Continuum is a West Palm Beach satellite art fair extension created by ATB Fine Art Group Inc in partnership with Craig Mcinnis Studio  and sponsored by Art Palm Beach Next Level Fairs. Continuum is held each year during Art Palm Beach Week (. Art Palm Beach Week's programming attracts more than 28,000 people to Palm Beach County each year.

Description 

The Continuum fair began on January 22–26, 2014, in the historical Anthony building in downtown West Palm Beach, Florida.  The Continuum was orchestrated by Trina-Slade Burks and Anthony Burks of “ATB Fine Art Group Inc ” in community partnership with Lee Ann Lester of Art Palm Beach Next Level Fairs. 
Continuum is fostering a new exhibition model with community partners, which respond to the demands of the emerging collector eager to know the new values of art, and keen to contribute to a change in the relationships and practices of acquisition of work.

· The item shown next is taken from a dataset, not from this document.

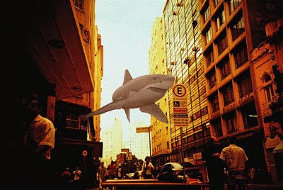 Enquanto em “Clara Crocodilo” tinha-se um anti-herói pelos esgotos e subterrâneos de São Paulo, em “Tubarões Voadores” ganhamos enormes tubarões voando sobre as ruas, devorando adultos e crianças. Ali Luiz Gê através dos tubarões, sintetizou todo o medo e paranóia da classe média, que se tranca dentro de seus apartamentos e carros vedados com insulfilm se isolando dos demais habitantes, por não se sentirem seguros. Onde um passo em falso, uma janela aberta na hora errada, pode resultar em uma absurda tragédia. A hq começa em tom de humor, humor negro, diga-se de passagem, evoluindo para o puro terror, onde a violência é mostrada sem glamour ou justificativa, entre cada ataque dos tubarões são mostradas cenas de violência urbana cotidianas de qualquer cidade: acidentes, mutilações, crimes, atropelamentos e suicídios. Tudo isso se encerra com a cena final de um corpo sendo dilacerado por vários tubarões sob a legenda: “Pois no coração do prudente, repousa a sabedoria”.

The Continuum fair took a unique multi-faceted approach to the exhibition by using music, dance, and poetry to enhance the visual experience of the art . Within the continuing spirit of creative and artistic renewal, the fair featured, top graffiti artist of the area. They created an interactive wooden sculptural mural structure along the Clematis Street corridor in Downtown West Palm Beach. The fair profiled the top artists in the Southeast Florida region. The dynamic fair programming generated a wealth of interest from an increasingly diverse audience base. 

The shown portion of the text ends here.